>>>>

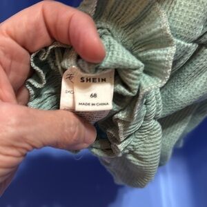 Charming green romper with ruffle straps. Features floral lace front. Ideal for playful days. Gently used.
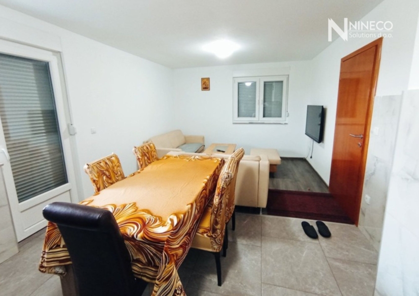 🔹Podrum se sastoji od toaleta i dvije prostorije, u potpunosti završenih s keramikom i svim instalacijama. Prostor je pogodan za proslave, druženja ili za radionicu nekog zanatskog tipa. U produžetku podruma nalazi se prostrana natkrivena terasa s predivnim pogledom na okolinu.
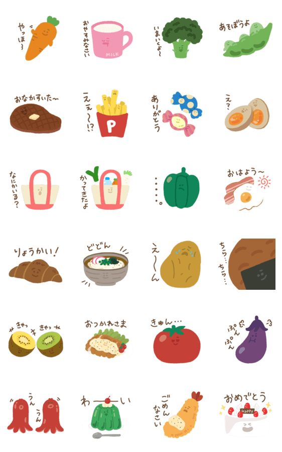 ゆる〜いお顔がついた食べ物たち。 日常会話を楽しく面白くサポートしてくれます! カジュアルな文字なのでお友達や家族にも使えます♪

<<<<

TRY IT: Nothing but the lines from the line with "pogledom na okolinu." through the last line of the listing should be copied, exactly and with both ends kept. Leave pictures out.

COMPLETED EXERCISE:
 🔹Podrum se sastoji od toaleta i dvije prostorije, u potpunosti završenih s keramikom i svim instalacijama. Prostor je pogodan za proslave, druženja ili za radionicu nekog zanatskog tipa. U produžetku podruma nalazi se prostrana natkrivena terasa s predivnim pogledom na okolinu.
 ゆる〜いお顔がついた食べ物たち。 日常会話を楽しく面白くサポートしてくれます! カジュアルな文字なのでお友達や家族にも使えます♪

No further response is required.